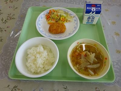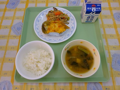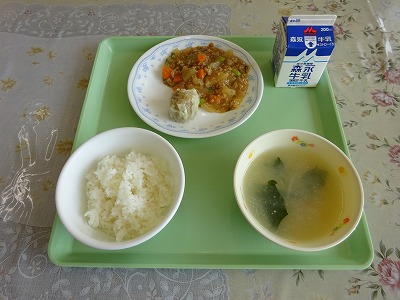 ・のり塩ポテトコロッケ コメント 夏のイメージがある枝豆ですが、七滝ファームさんから、秋においしい枝豆が届きました。夏よりも昼と夜の温度差が大きい、今の枝豆は、香りがよく、粒が大きく、とっても甘くておいしかったです。 ・ごはん ・牛乳 ・麻婆大根
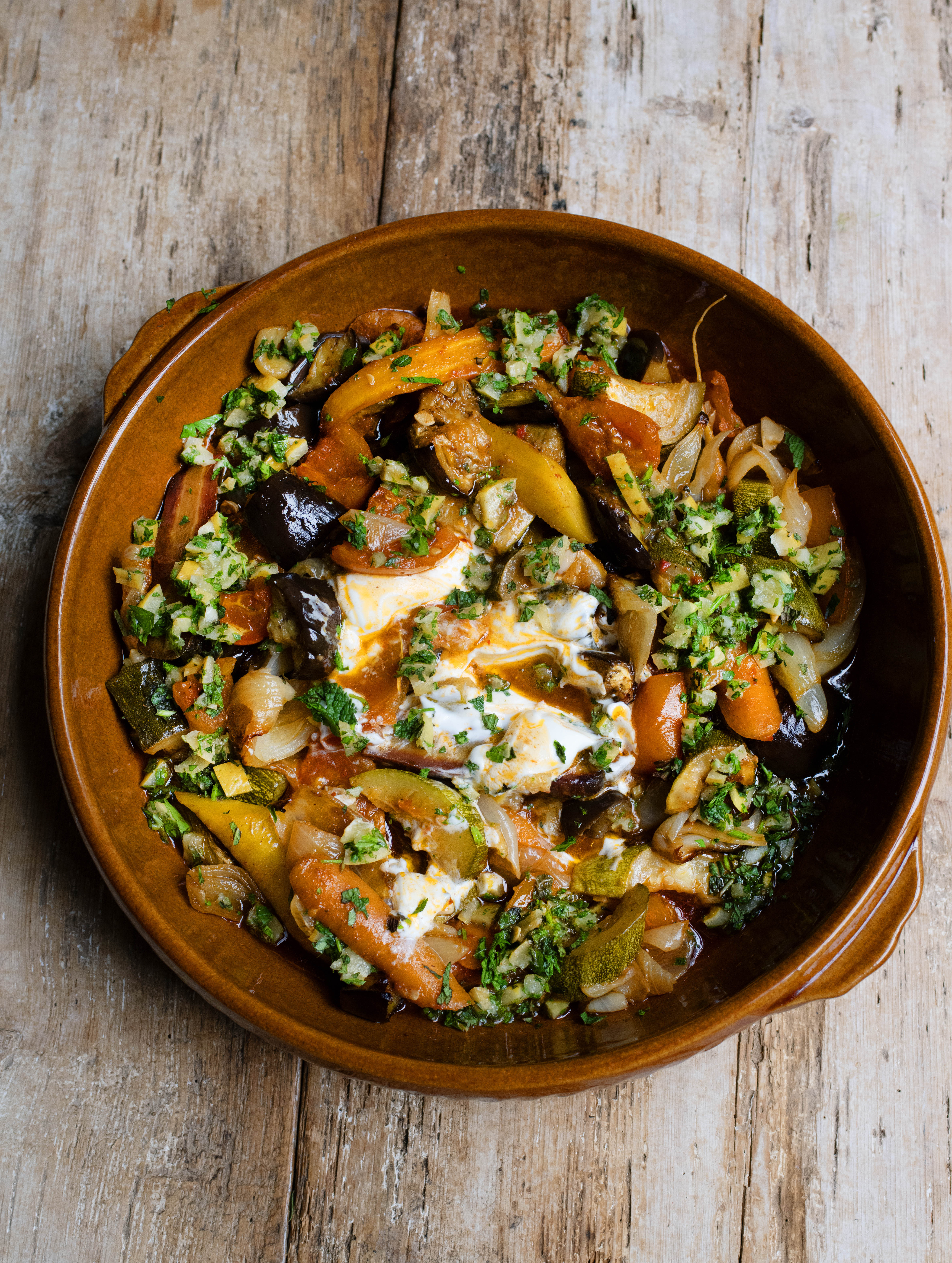 onions 3, mediumaubergines 4, small (or 2 large)olive oil 100mlcourgettes 2tomatoes 500gcarrots 4, slimpreserved lemons 2parsley a small bunchmint leaves 20 mediumstrained yoghurt 150ml (optional)
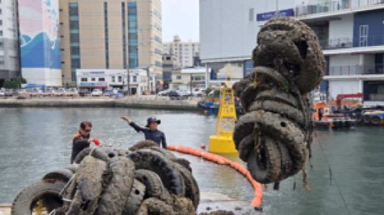 영도구 물양장서 1시간 만에 폐타이어 약 80개, 15톤 무게 수거

* **Exercise**
Return the material above verbatim, minus the pictures.

* **Task answer**
 ・のり塩ポテトコロッケ コメント 夏のイメージがある枝豆ですが、七滝ファームさんから、秋においしい枝豆が届きました。夏よりも昼と夜の温度差が大きい、今の枝豆は、香りがよく、粒が大きく、とっても甘くておいしかったです。 ・ごはん ・牛乳 ・麻婆大根
 onions 3, mediumaubergines 4, small (or 2 large)olive oil 100mlcourgettes 2tomatoes 500gcarrots 4, slimpreserved lemons 2parsley a small bunchmint leaves 20 mediumstrained yoghurt 150ml (optional)
 영도구 물양장서 1시간 만에 폐타이어 약 80개, 15톤 무게 수거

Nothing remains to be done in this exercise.